AVAILABLE DATA>
★ ★ ★ ★ ★
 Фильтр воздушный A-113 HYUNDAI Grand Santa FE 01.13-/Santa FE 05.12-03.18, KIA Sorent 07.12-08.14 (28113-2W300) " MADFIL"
★ ★ ★ ★ ★
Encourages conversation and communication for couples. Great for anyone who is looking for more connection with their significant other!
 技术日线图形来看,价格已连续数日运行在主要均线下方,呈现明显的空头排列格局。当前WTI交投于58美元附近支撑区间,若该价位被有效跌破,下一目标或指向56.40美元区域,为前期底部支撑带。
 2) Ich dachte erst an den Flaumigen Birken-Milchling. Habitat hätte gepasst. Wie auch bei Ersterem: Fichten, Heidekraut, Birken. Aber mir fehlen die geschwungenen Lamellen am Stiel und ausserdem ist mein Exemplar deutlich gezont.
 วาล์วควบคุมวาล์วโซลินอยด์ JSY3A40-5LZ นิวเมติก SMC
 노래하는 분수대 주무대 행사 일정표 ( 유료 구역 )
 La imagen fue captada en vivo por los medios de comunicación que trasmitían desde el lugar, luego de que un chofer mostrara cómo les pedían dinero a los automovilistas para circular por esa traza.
★ ★ ★ ★ ★
Everything from the line with "技术日线图形来看,价格已连续" through the line with "노래하는 분수대 주무대 행사 일정표 ( 유료 구역 )" should be written out exactly as it appears above, end lines included, and nothing outside that range.

 技术日线图形来看,价格已连续数日运行在主要均线下方,呈现明显的空头排列格局。当前WTI交投于58美元附近支撑区间,若该价位被有效跌破,下一目标或指向56.40美元区域,为前期底部支撑带。
 2) Ich dachte erst an den Flaumigen Birken-Milchling. Habitat hätte gepasst. Wie auch bei Ersterem: Fichten, Heidekraut, Birken. Aber mir fehlen die geschwungenen Lamellen am Stiel und ausserdem ist mein Exemplar deutlich gezont.
 วาล์วควบคุมวาล์วโซลินอยด์ JSY3A40-5LZ นิวเมติก SMC
 노래하는 분수대 주무대 행사 일정표 ( 유료 구역 )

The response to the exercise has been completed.